::: Given data

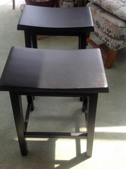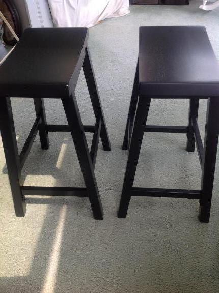 I have FOUR New black barstools from Target!! They have a rectangular seat, which is contoured & are 24" (h). I am asking $30 per stool...let me know what questions you have.
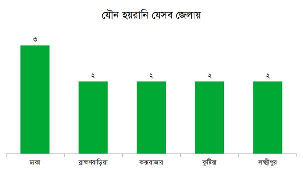 চার্টে উল্লেখিত জেলার বাইরে বাগেরহাট, চট্টগ্রাম, গাজীপুরসহ ১০টি জেলায় ২টি করে ঘটনা পাওয়া গেছে। দেশের ৩৯টি জেলায় কমপক্ষে ১টি যৌন সহিংসতার ঘটনা রেকর্ড করা হয়েছে।
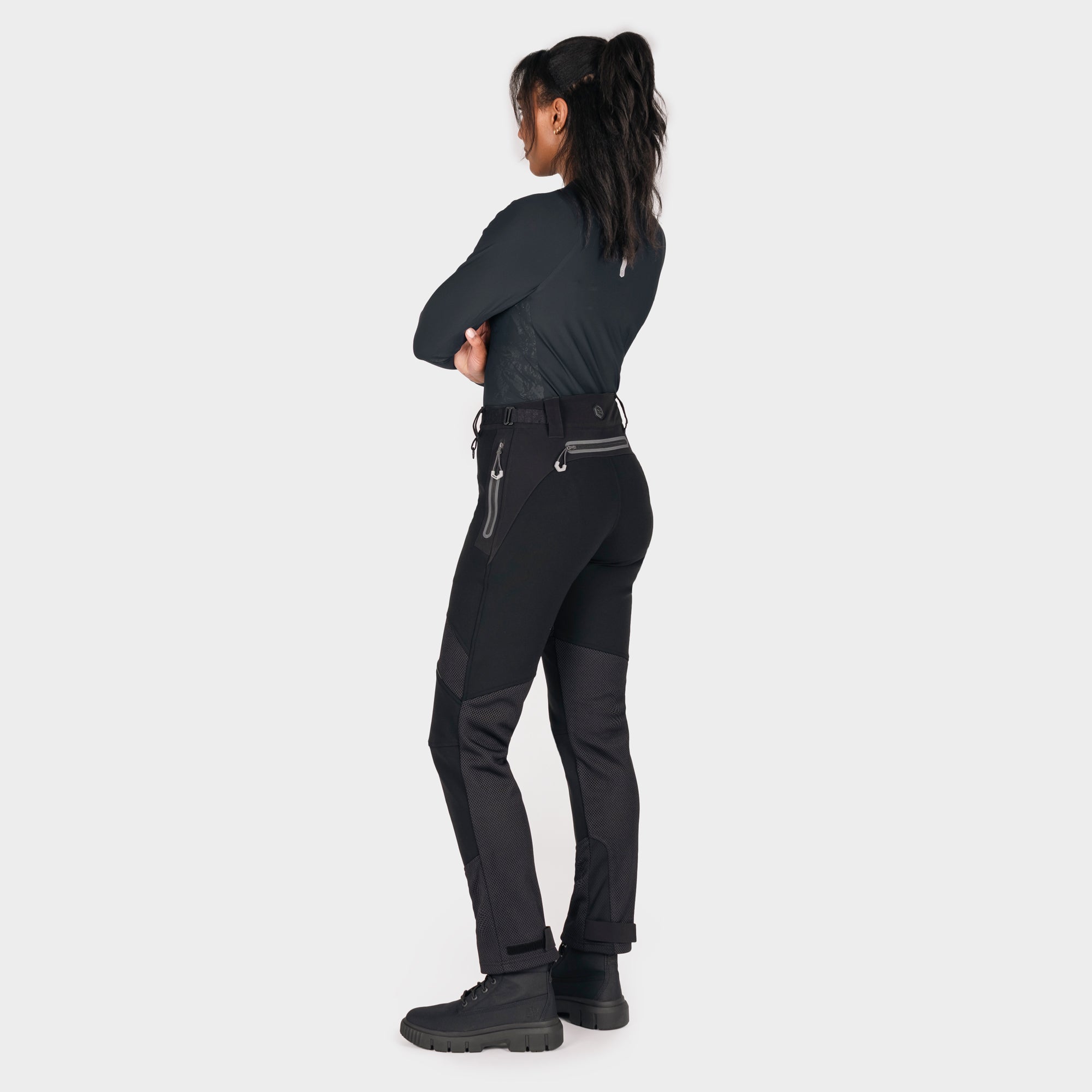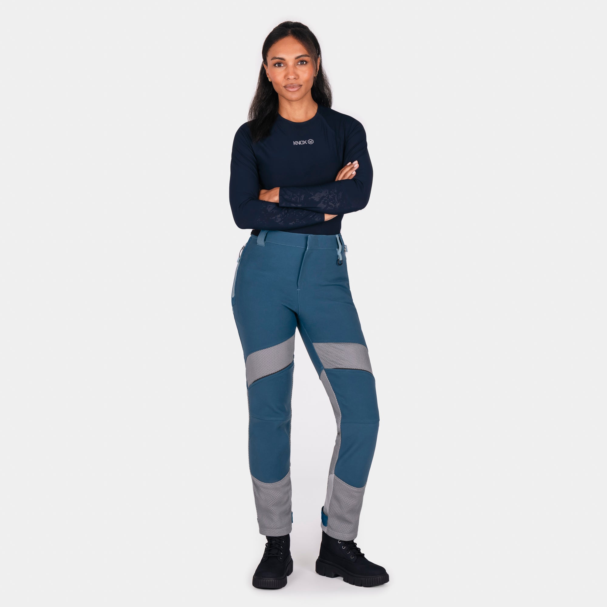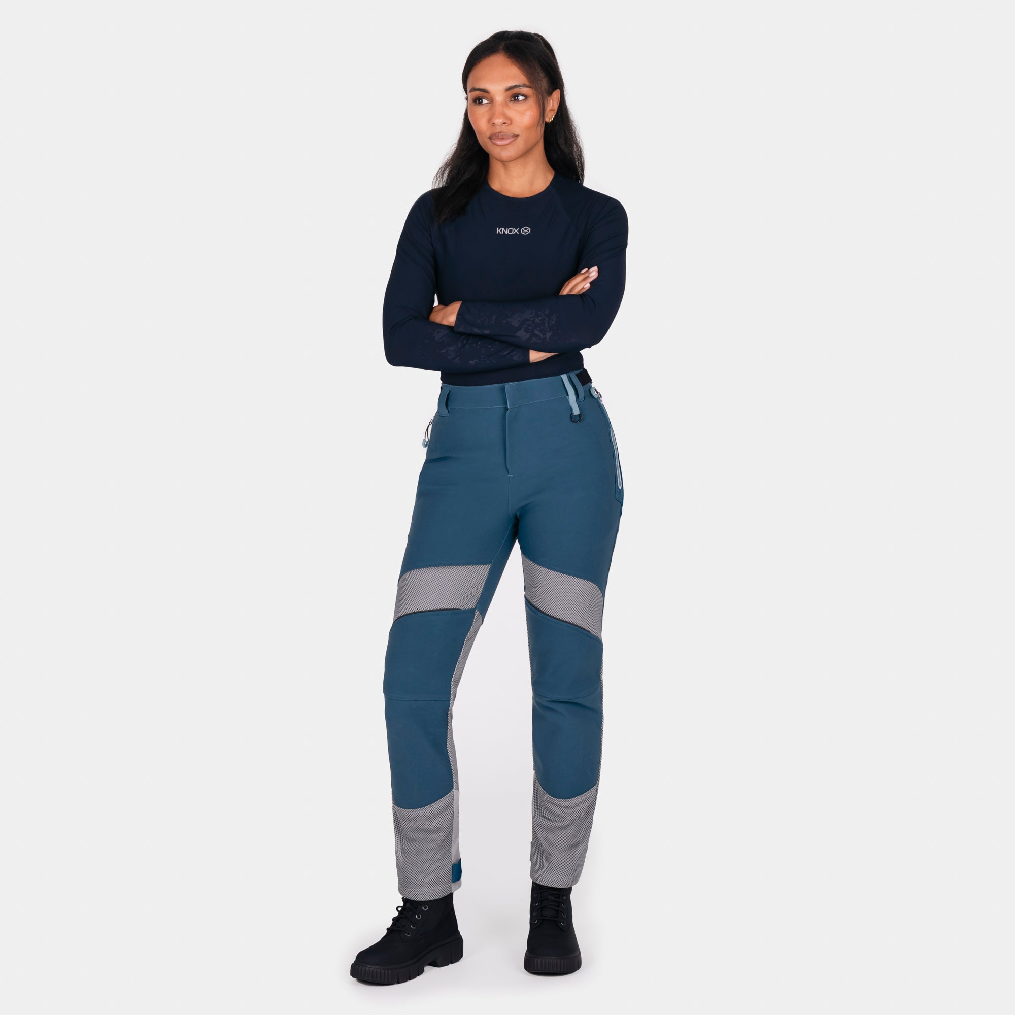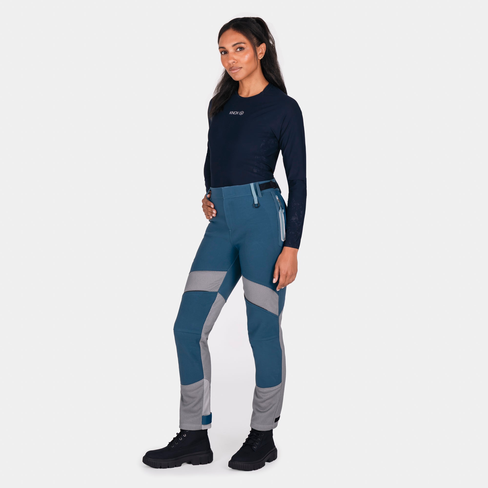 A flattering high-waisted cut provides a sculpted silhouette, while the refined waistband and adjustable side fasteners ensure a secure, comfortable fit. The Lift & Lock® hem adjustment system allows easy wear inside or outside boots, and the magnetic fly closure delivers quick, confident fastening. Designed to integrate seamlessly with any Knox armoured shirt, these trousers form part of a complete protective riding system—keeping armour exactly where it should be.

::::::

● **Task objective**
Copy the listing exactly, omitting pictures.

● **Answer to this task**
 I have FOUR New black barstools from Target!! They have a rectangular seat, which is contoured & are 24" (h). I am asking $30 per stool...let me know what questions you have.
 চার্টে উল্লেখিত জেলার বাইরে বাগেরহাট, চট্টগ্রাম, গাজীপুরসহ ১০টি জেলায় ২টি করে ঘটনা পাওয়া গেছে। দেশের ৩৯টি জেলায় কমপক্ষে ১টি যৌন সহিংসতার ঘটনা রেকর্ড করা হয়েছে।
 A flattering high-waisted cut provides a sculpted silhouette, while the refined waistband and adjustable side fasteners ensure a secure, comfortable fit. The Lift & Lock® hem adjustment system allows easy wear inside or outside boots, and the magnetic fly closure delivers quick, confident fastening. Designed to integrate seamlessly with any Knox armoured shirt, these trousers form part of a complete protective riding system—keeping armour exactly where it should be.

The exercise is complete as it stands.